Hereditary Expansile Osteolysis; McCabe Disease; Familial Expansile Osteolysis.

An inherited bone dysplasia first described in 1989 by Wallace and Osterberg. It has some histologic similarity to Paget disease.

Rare; only a few kindreds have been reported in people of Northern Irish, German, or American ancestry.

An autosomal dominant inheritance. The gene is mapped to 18q21.1-q22. The gene TNFRSF11A encodes the receptor activator of nuclear factor-kappa-B (RANK), which is essential for osteoclast formation.

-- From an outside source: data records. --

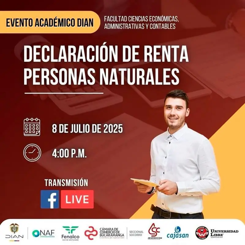 La Facultad de Ciencias Económicas, Administrativas y Contables de la Universidad Libre – Seccional Socorro, en alianza con la DIAN, te invita al evento académico sobre la Declaración de Renta para Personas Naturales.
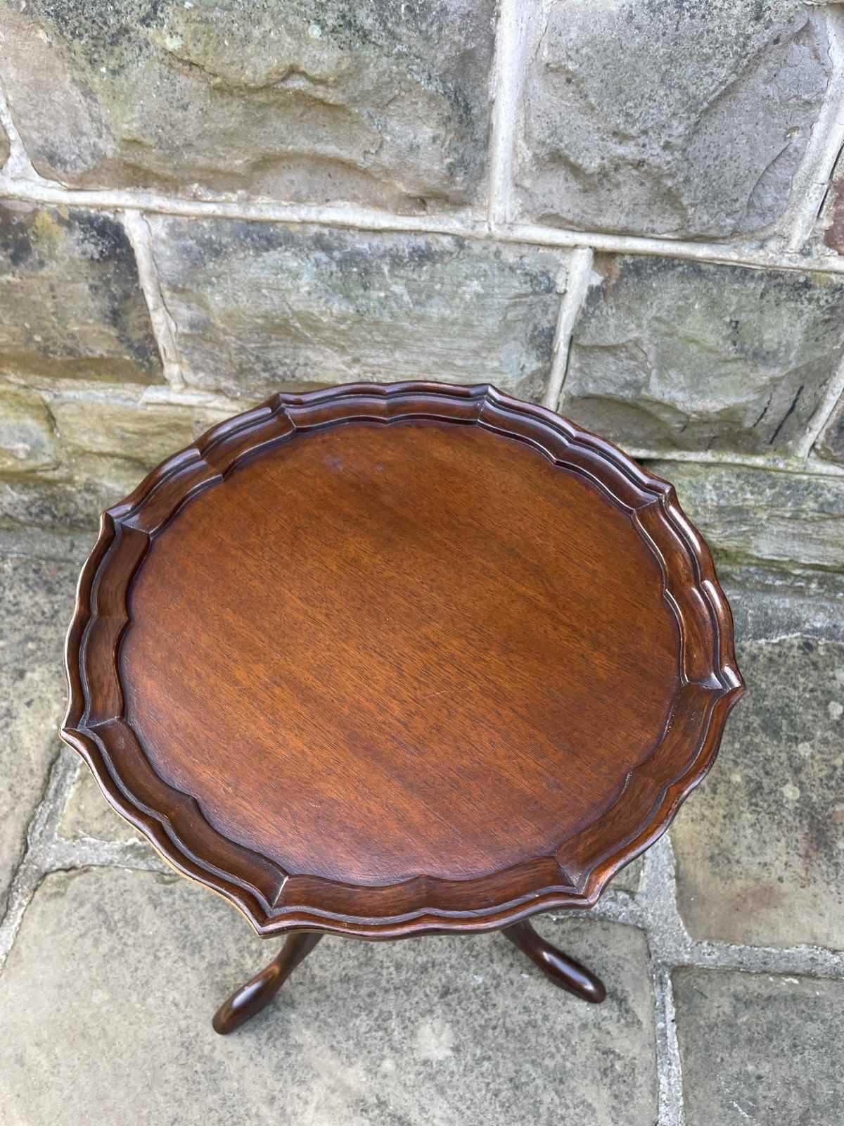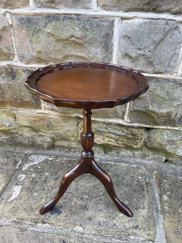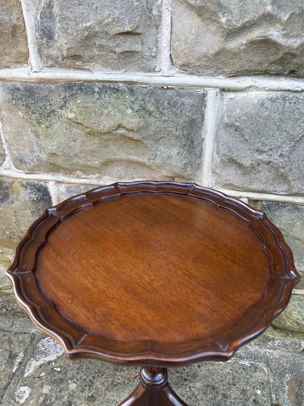 Round mahogany top with a pie crust edge, upon a turned column with 3 shaped legs.
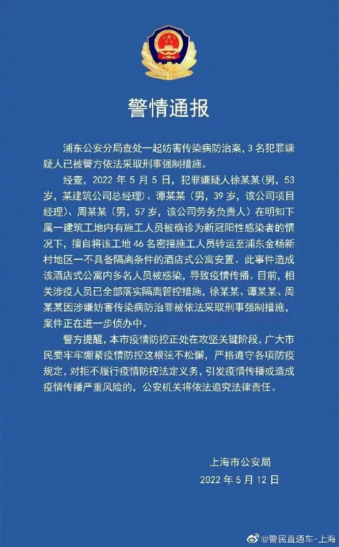 上海:引发疫情传播,一建筑公司总经理、项目经理等3人被采取刑事措施!
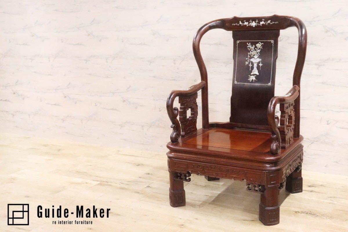 - GMGH205B○中国美術 アームチェア ラウンジチェア 椅子 唐木 天然木 花梨 螺鈿細工 彫刻 最高級
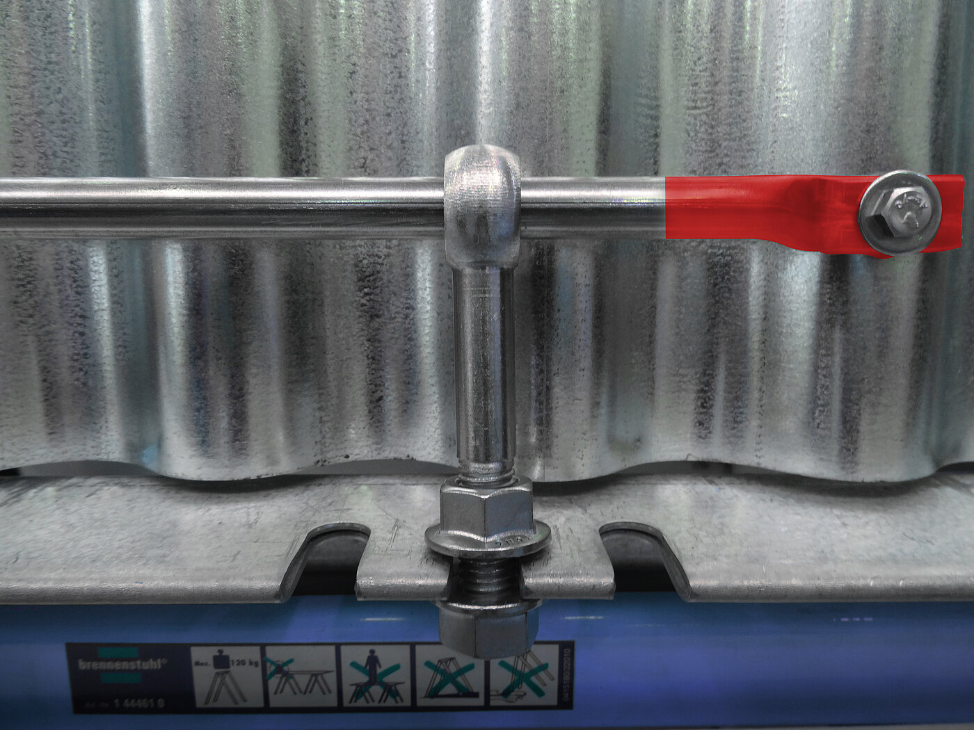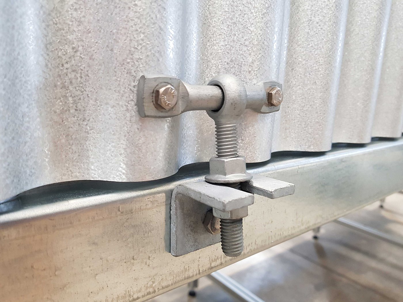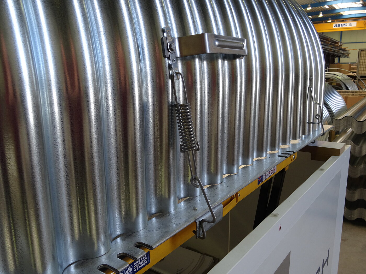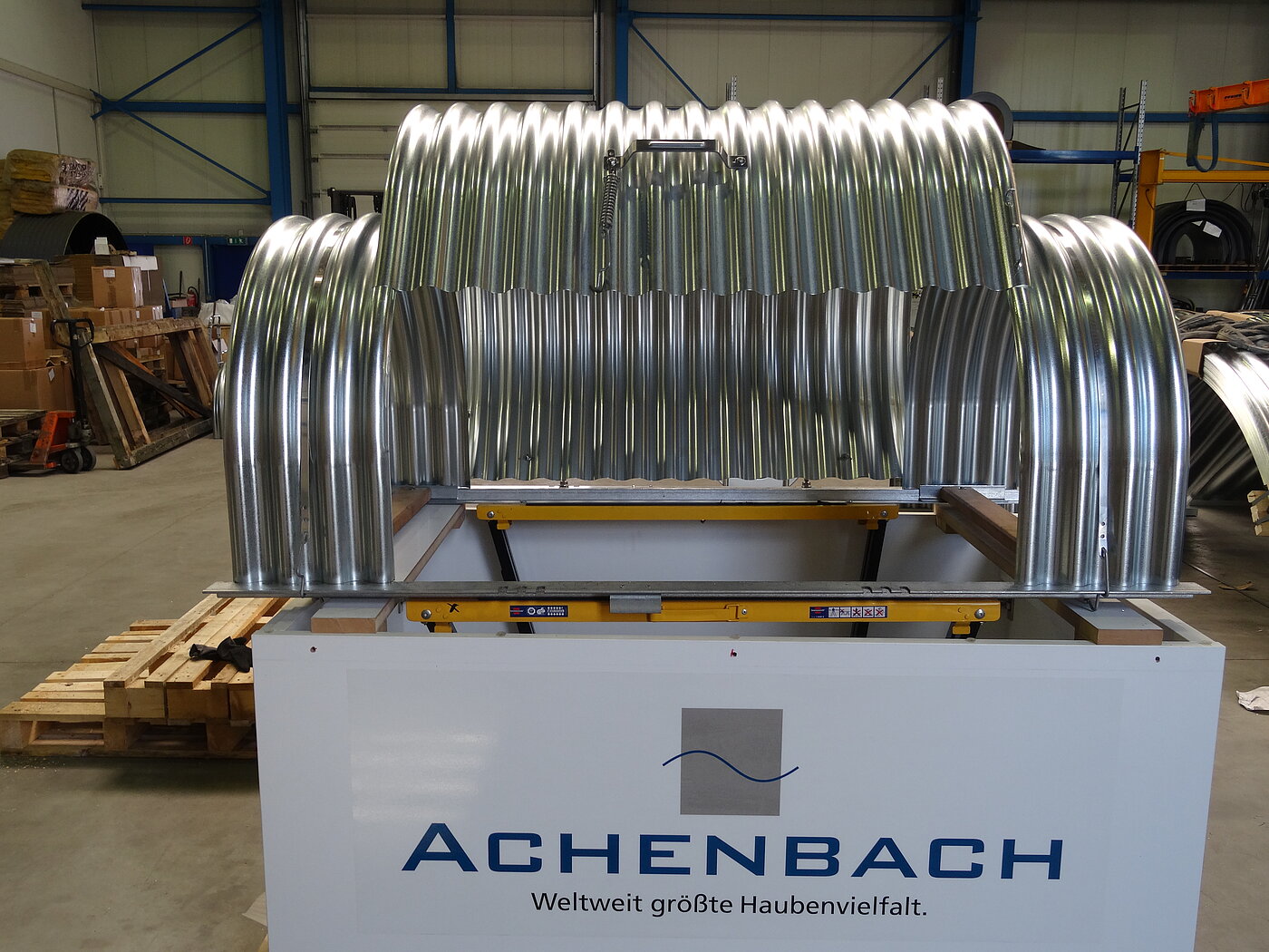 Die einfache Klapp-Haube von Achenbach verfügt über 4 verzinkte Scharnierbolzen und 4 kleine, verzinkte Winkel. So kann die Haube an jeder Stelle einfach auf dem vorhandenen Bandgerüst befestigt werden und benötigt i.d.R. keine separate Unterkonstruktion.
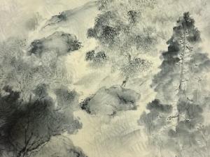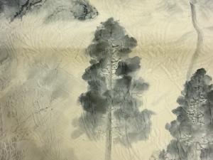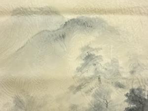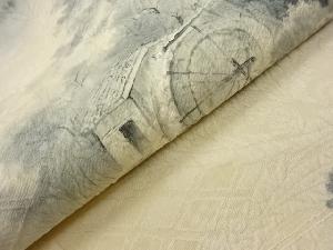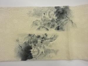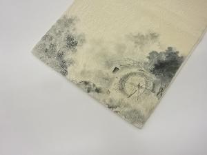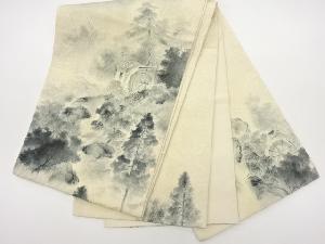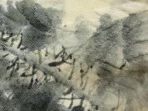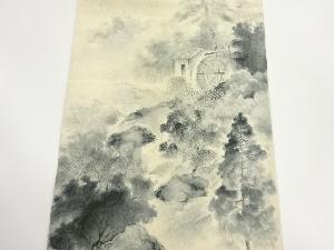 纐纈 手描き 山に水車小屋・樹木模様袋帯
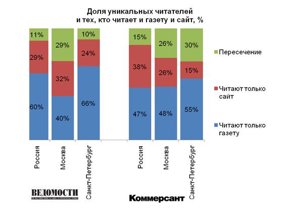 Так, например, среди аудитории «Ведомостей» в Москве, почти каждый третий читает и газету, и сайт, тогда как в Петербурге таких всего 10%. При этом петербуржцы больше отдают предпочтение печатным «Ведомостям». В целом по России ситуация схожа с питерской.
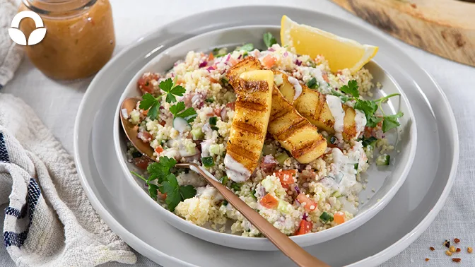 Experience the vibrant flavours of Greece with this delectable Chopped Greek Halloumi Salad. Featuring fluffy couscous, refreshing cucumber, zesty red onion, and juicy tomatoes, this salad is a burst of Mediterranean goodness. Tossed in a creamy Knorr Creamy Greek Salad Dressing, it brings a delightful tang and creaminess to every bite. To add a savory twist, pan-fried slices of halloumi cheese are layered on top, offering a deliciously satisfying contrast of textures. Seasoned with salt and black pepper, this salad is a perfect blend of flavors that will transport you to the sunny shores of Greece.
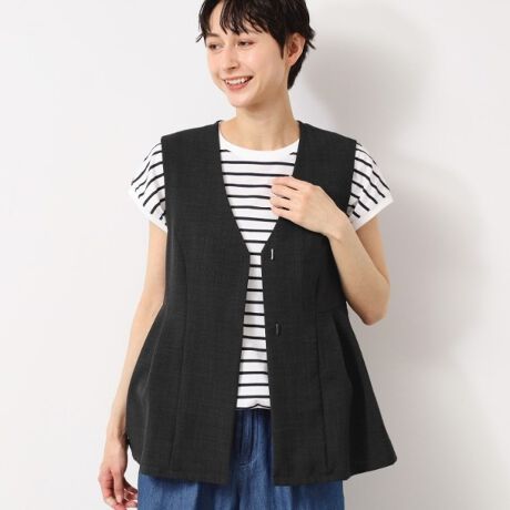 腰周りをカバーしてくれるペプラムシルエットのジレ。
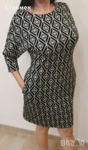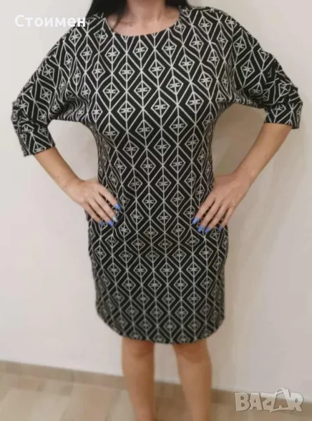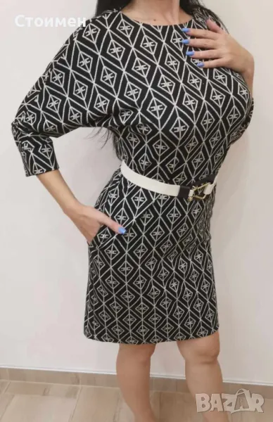 Прекрасна рокля с коланче, с прилеп ръкав и джобове.

The primary feature is one of active remodeling. The bone matrix is abundant and dense in the early stages, but with increased numbers of osteoblasts lining the bone trabeculae and focal collections of multinucleated osteoclasts at areas of active resorption. As the disease progresses, the matrix becomes scantier with osteoblastic activity becoming intense in advanced cases. Subsequently, there is a reduction in the amount of bone matrix associated with an increasingly disorganized arrangement of bone trabeculae. There is a corresponding increase in the prominence of fibrous tissue with more extensive vascularity. In the end stage of the disease, there is almost complete fatty replacement of the bone, with few remaining features of the original nature of the tissue.

Bone biopsies obtained from affected patients show focal concentrations of multinuclear osteoclasts containing viral-like microcylindrical inclusions. The radiographic features are distinctive. Generalized features are either altered trabecular pattern or modeling abnormalities. Focal features comprise lytic areas that progressively enlarge, producing expansion of the bone and its eventual disintegration because of fibrous and, finally, fatty replacement of the normal medulla. Almost 90% of these lesions occur in the appendicular skeleton. The radiographic features in combination with the histopathology render the condition unique. The serum alkaline phosphatase and urinary hydroxyproline are elevated to a variable degree.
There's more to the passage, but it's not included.